### Required action
Word for word, give the records again, dropping any picture they hold.

### Study material
■ ■ ■ ■

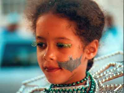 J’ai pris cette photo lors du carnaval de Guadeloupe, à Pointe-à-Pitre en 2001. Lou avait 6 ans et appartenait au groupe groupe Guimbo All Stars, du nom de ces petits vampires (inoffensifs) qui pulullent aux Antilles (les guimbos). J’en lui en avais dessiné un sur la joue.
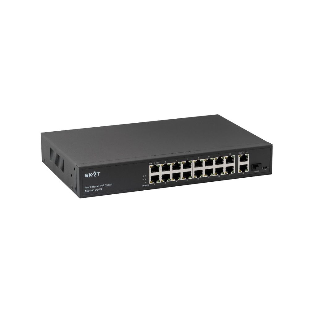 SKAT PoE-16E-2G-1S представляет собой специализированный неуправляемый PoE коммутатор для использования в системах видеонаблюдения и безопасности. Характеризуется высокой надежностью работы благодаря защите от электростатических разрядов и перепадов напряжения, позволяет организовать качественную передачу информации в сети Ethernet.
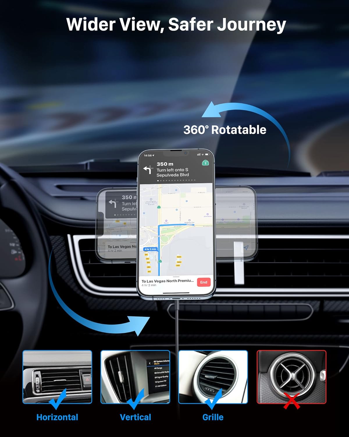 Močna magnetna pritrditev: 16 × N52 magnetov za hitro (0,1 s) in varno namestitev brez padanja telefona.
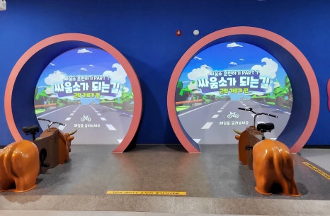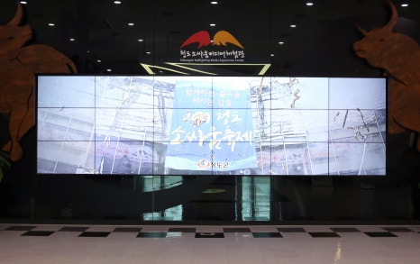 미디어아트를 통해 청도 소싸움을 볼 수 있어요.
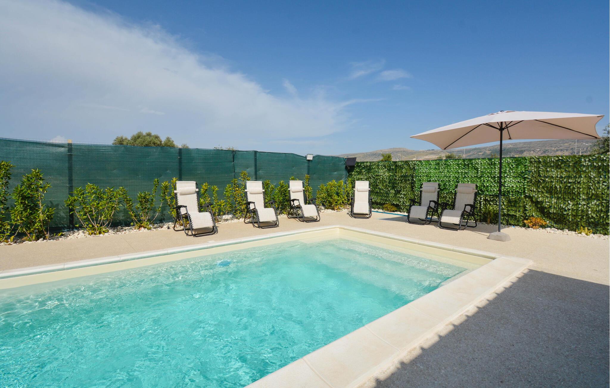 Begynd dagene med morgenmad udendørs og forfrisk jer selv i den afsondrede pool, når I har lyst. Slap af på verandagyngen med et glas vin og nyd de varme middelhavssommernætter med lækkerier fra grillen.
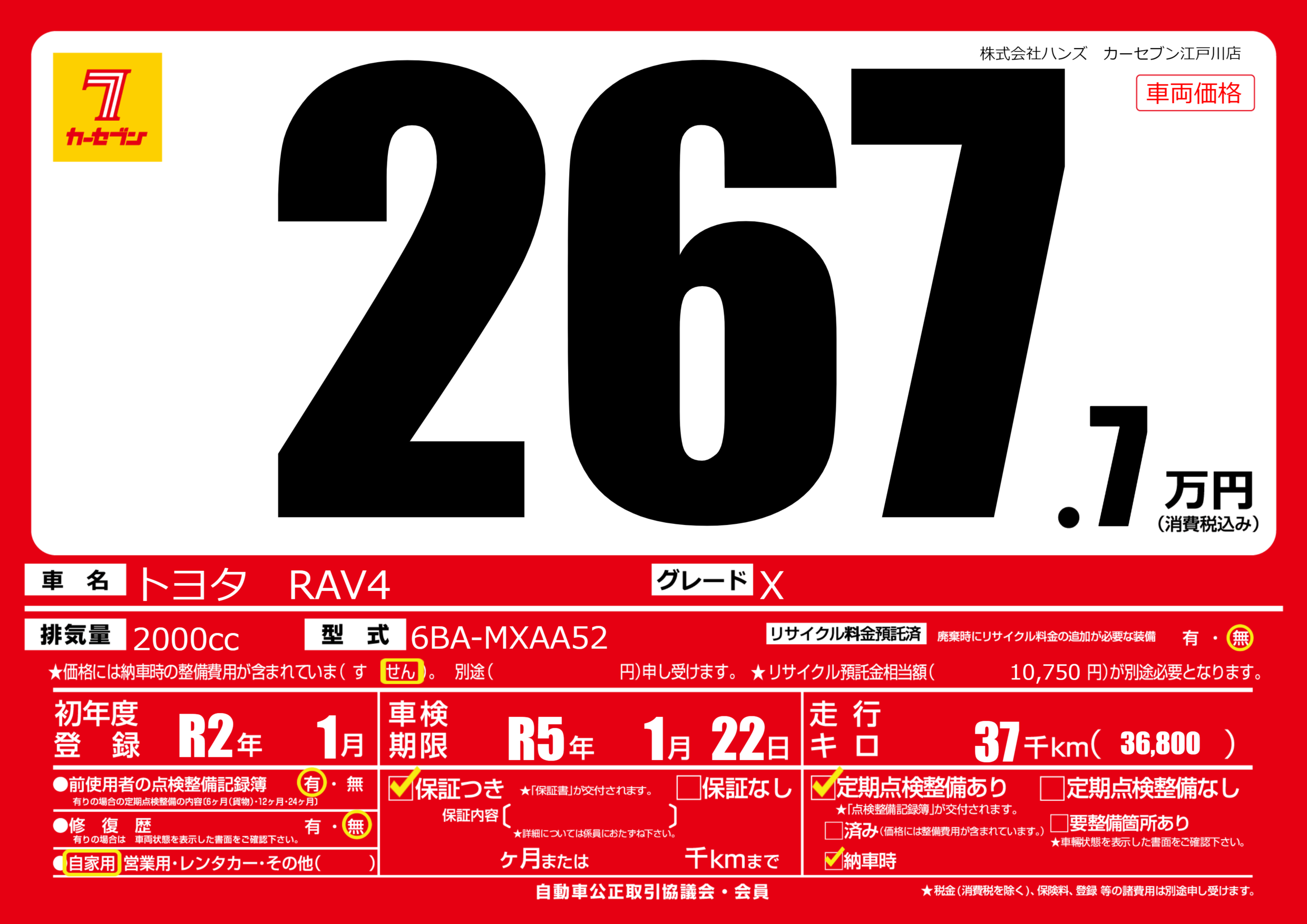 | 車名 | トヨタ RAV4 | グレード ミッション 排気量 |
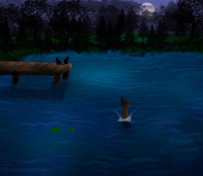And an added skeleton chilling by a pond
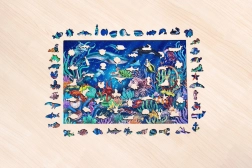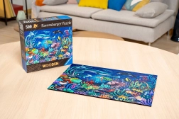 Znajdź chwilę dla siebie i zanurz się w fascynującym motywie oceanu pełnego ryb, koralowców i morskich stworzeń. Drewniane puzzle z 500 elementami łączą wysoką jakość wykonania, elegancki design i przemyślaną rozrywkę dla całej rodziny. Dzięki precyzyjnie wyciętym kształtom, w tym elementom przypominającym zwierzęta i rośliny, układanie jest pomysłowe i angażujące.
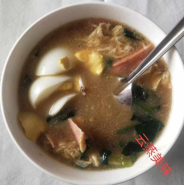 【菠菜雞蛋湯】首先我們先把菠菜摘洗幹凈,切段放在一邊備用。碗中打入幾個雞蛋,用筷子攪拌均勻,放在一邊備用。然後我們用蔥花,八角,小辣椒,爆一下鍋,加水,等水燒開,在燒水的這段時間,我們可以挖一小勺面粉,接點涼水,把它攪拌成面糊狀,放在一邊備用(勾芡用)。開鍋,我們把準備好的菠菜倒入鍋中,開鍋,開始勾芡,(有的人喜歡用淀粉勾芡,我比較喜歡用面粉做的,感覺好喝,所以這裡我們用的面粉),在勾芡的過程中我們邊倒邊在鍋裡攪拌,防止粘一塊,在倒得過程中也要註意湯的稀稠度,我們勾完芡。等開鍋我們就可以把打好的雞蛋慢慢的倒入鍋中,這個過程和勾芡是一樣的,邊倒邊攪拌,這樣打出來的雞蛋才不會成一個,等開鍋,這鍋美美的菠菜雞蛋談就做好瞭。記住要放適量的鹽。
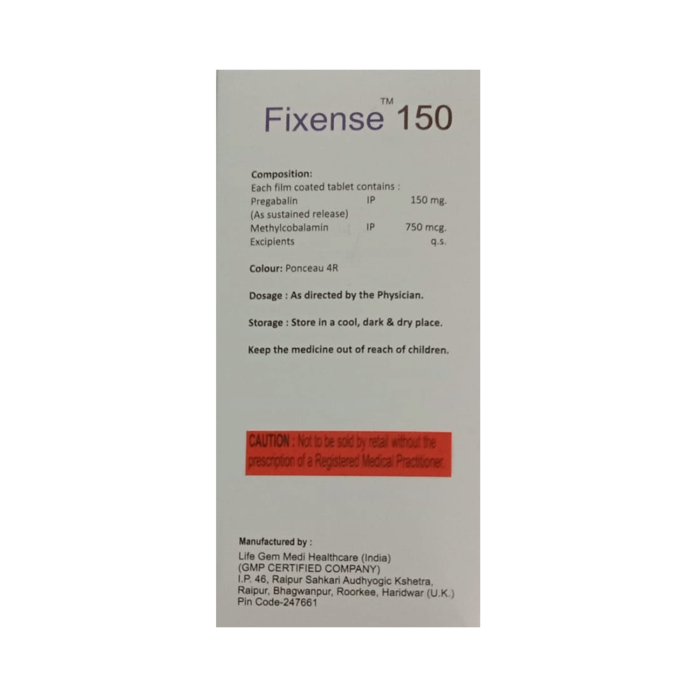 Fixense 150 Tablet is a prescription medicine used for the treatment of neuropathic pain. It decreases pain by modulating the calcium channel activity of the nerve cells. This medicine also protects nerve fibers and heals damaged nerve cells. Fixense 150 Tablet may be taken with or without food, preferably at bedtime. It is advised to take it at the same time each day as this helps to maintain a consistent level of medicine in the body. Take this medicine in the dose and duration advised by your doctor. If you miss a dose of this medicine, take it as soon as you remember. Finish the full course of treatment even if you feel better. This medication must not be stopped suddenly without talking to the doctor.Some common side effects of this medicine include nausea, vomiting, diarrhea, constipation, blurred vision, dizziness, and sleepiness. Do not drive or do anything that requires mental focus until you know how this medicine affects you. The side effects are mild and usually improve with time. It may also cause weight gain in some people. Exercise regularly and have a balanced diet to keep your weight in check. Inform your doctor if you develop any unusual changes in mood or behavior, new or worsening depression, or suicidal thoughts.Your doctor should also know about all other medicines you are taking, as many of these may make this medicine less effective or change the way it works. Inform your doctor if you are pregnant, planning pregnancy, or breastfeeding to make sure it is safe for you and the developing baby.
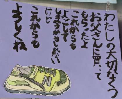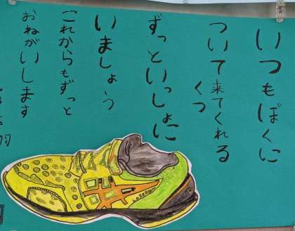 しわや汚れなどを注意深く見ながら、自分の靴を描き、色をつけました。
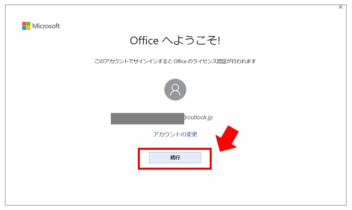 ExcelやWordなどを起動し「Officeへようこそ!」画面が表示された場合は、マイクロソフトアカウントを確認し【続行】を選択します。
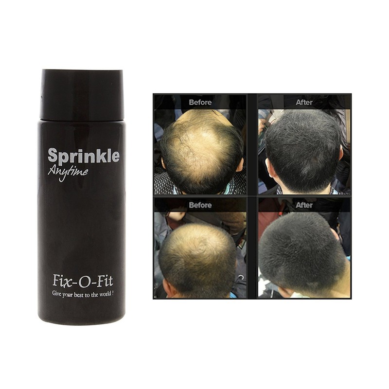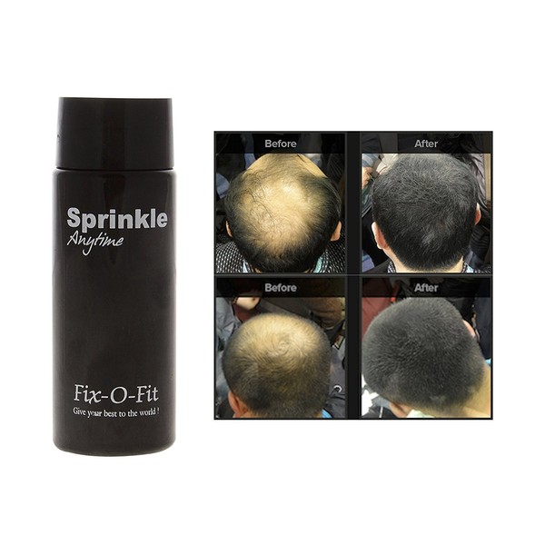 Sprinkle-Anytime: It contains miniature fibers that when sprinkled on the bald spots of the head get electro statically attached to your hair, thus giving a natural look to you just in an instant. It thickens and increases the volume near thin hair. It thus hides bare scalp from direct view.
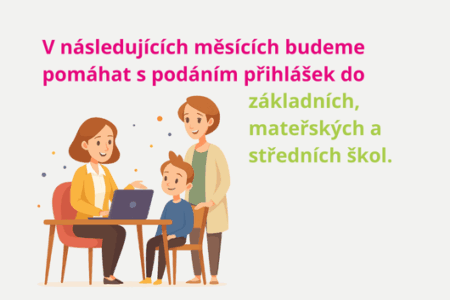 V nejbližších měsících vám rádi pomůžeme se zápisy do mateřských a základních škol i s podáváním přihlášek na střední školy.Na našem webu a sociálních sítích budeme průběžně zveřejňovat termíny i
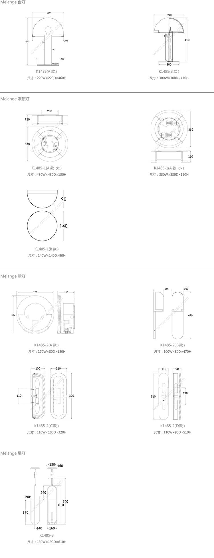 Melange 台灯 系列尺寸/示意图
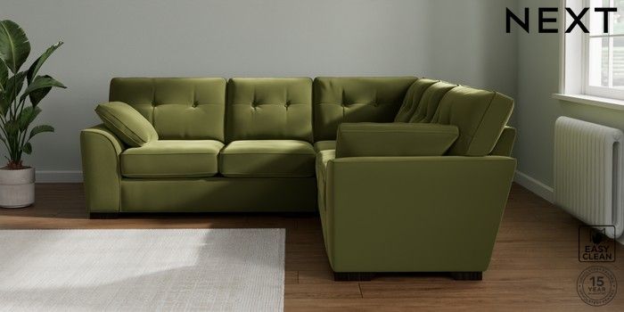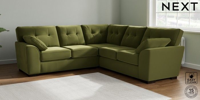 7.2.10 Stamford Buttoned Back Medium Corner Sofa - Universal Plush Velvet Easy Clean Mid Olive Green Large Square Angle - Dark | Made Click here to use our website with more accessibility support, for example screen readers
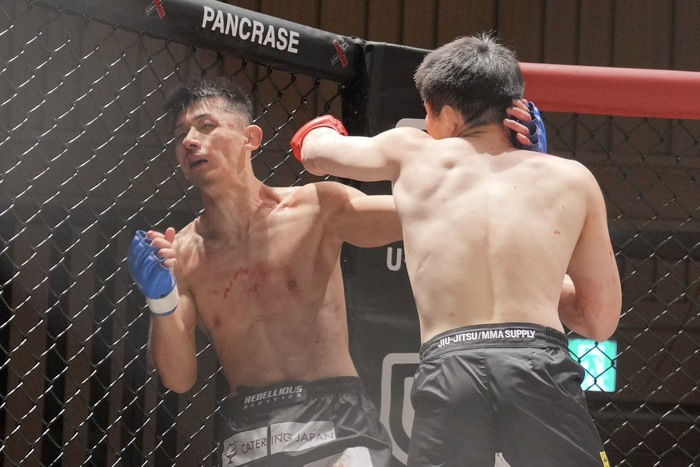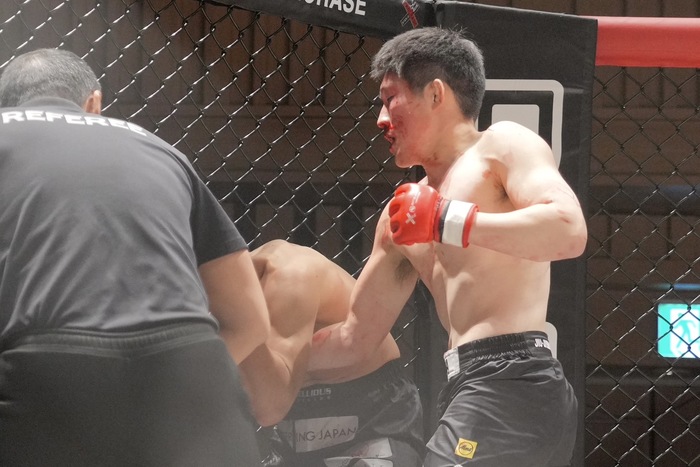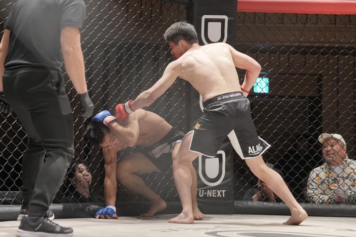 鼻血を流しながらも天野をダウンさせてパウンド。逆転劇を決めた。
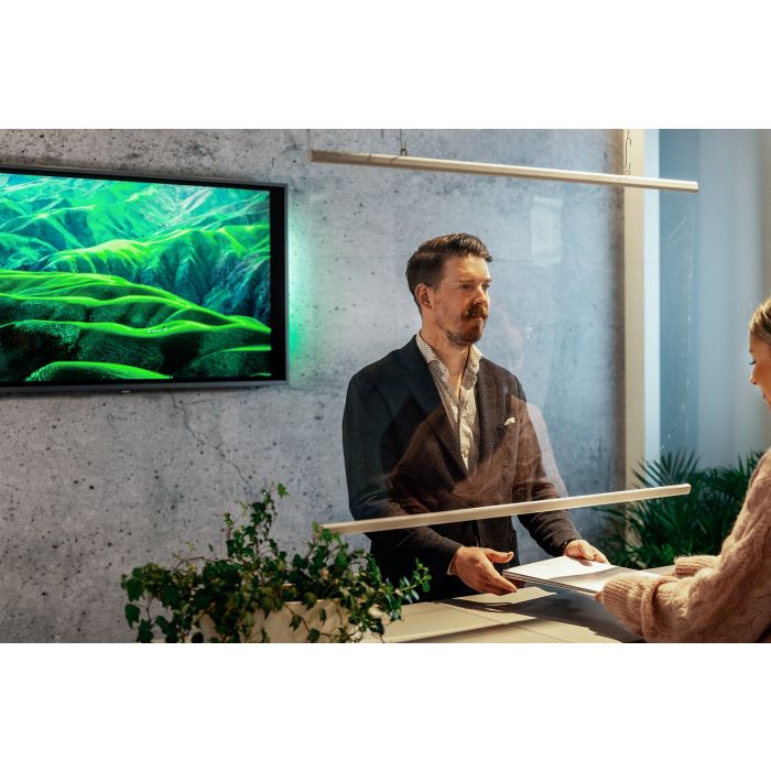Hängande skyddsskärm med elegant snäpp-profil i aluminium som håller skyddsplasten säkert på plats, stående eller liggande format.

■ ■ ■ ■

### Solution for this exercise
 J’ai pris cette photo lors du carnaval de Guadeloupe, à Pointe-à-Pitre en 2001. Lou avait 6 ans et appartenait au groupe groupe Guimbo All Stars, du nom de ces petits vampires (inoffensifs) qui pulullent aux Antilles (les guimbos). J’en lui en avais dessiné un sur la joue.
 SKAT PoE-16E-2G-1S представляет собой специализированный неуправляемый PoE коммутатор для использования в системах видеонаблюдения и безопасности. Характеризуется высокой надежностью работы благодаря защите от электростатических разрядов и перепадов напряжения, позволяет организовать качественную передачу информации в сети Ethernet.
 Močna magnetna pritrditev: 16 × N52 magnetov za hitro (0,1 s) in varno namestitev brez padanja telefona.
 미디어아트를 통해 청도 소싸움을 볼 수 있어요.
 Begynd dagene med morgenmad udendørs og forfrisk jer selv i den afsondrede pool, når I har lyst. Slap af på verandagyngen med et glas vin og nyd de varme middelhavssommernætter med lækkerier fra grillen.
 | 車名 | トヨタ RAV4 | グレード ミッション 排気量 |
And an added skeleton chilling by a pond
 Znajdź chwilę dla siebie i zanurz się w fascynującym motywie oceanu pełnego ryb, koralowców i morskich stworzeń. Drewniane puzzle z 500 elementami łączą wysoką jakość wykonania, elegancki design i przemyślaną rozrywkę dla całej rodziny. Dzięki precyzyjnie wyciętym kształtom, w tym elementom przypominającym zwierzęta i rośliny, układanie jest pomysłowe i angażujące.
 【菠菜雞蛋湯】首先我們先把菠菜摘洗幹凈,切段放在一邊備用。碗中打入幾個雞蛋,用筷子攪拌均勻,放在一邊備用。然後我們用蔥花,八角,小辣椒,爆一下鍋,加水,等水燒開,在燒水的這段時間,我們可以挖一小勺面粉,接點涼水,把它攪拌成面糊狀,放在一邊備用(勾芡用)。開鍋,我們把準備好的菠菜倒入鍋中,開鍋,開始勾芡,(有的人喜歡用淀粉勾芡,我比較喜歡用面粉做的,感覺好喝,所以這裡我們用的面粉),在勾芡的過程中我們邊倒邊在鍋裡攪拌,防止粘一塊,在倒得過程中也要註意湯的稀稠度,我們勾完芡。等開鍋我們就可以把打好的雞蛋慢慢的倒入鍋中,這個過程和勾芡是一樣的,邊倒邊攪拌,這樣打出來的雞蛋才不會成一個,等開鍋,這鍋美美的菠菜雞蛋談就做好瞭。記住要放適量的鹽。
 Fixense 150 Tablet is a prescription medicine used for the treatment of neuropathic pain. It decreases pain by modulating the calcium channel activity of the nerve cells. This medicine also protects nerve fibers and heals damaged nerve cells. Fixense 150 Tablet may be taken with or without food, preferably at bedtime. It is advised to take it at the same time each day as this helps to maintain a consistent level of medicine in the body. Take this medicine in the dose and duration advised by your doctor. If you miss a dose of this medicine, take it as soon as you remember. Finish the full course of treatment even if you feel better. This medication must not be stopped suddenly without talking to the doctor.Some common side effects of this medicine include nausea, vomiting, diarrhea, constipation, blurred vision, dizziness, and sleepiness. Do not drive or do anything that requires mental focus until you know how this medicine affects you. The side effects are mild and usually improve with time. It may also cause weight gain in some people. Exercise regularly and have a balanced diet to keep your weight in check. Inform your doctor if you develop any unusual changes in mood or behavior, new or worsening depression, or suicidal thoughts.Your doctor should also know about all other medicines you are taking, as many of these may make this medicine less effective or change the way it works. Inform your doctor if you are pregnant, planning pregnancy, or breastfeeding to make sure it is safe for you and the developing baby.
 しわや汚れなどを注意深く見ながら、自分の靴を描き、色をつけました。
 ExcelやWordなどを起動し「Officeへようこそ!」画面が表示された場合は、マイクロソフトアカウントを確認し【続行】を選択します。
 Sprinkle-Anytime: It contains miniature fibers that when sprinkled on the bald spots of the head get electro statically attached to your hair, thus giving a natural look to you just in an instant. It thickens and increases the volume near thin hair. It thus hides bare scalp from direct view.
 V nejbližších měsících vám rádi pomůžeme se zápisy do mateřských a základních škol i s podáváním přihlášek na střední školy.Na našem webu a sociálních sítích budeme průběžně zveřejňovat termíny i
 Melange 台灯 系列尺寸/示意图
 7.2.10 Stamford Buttoned Back Medium Corner Sofa - Universal Plush Velvet Easy Clean Mid Olive Green Large Square Angle - Dark | Made Click here to use our website with more accessibility support, for example screen readers
 鼻血を流しながらも天野をダウンさせてパウンド。逆転劇を決めた。
Hängande skyddsskärm med elegant snäpp-profil i aluminium som håller skyddsplasten säkert på plats, stående eller liggande format.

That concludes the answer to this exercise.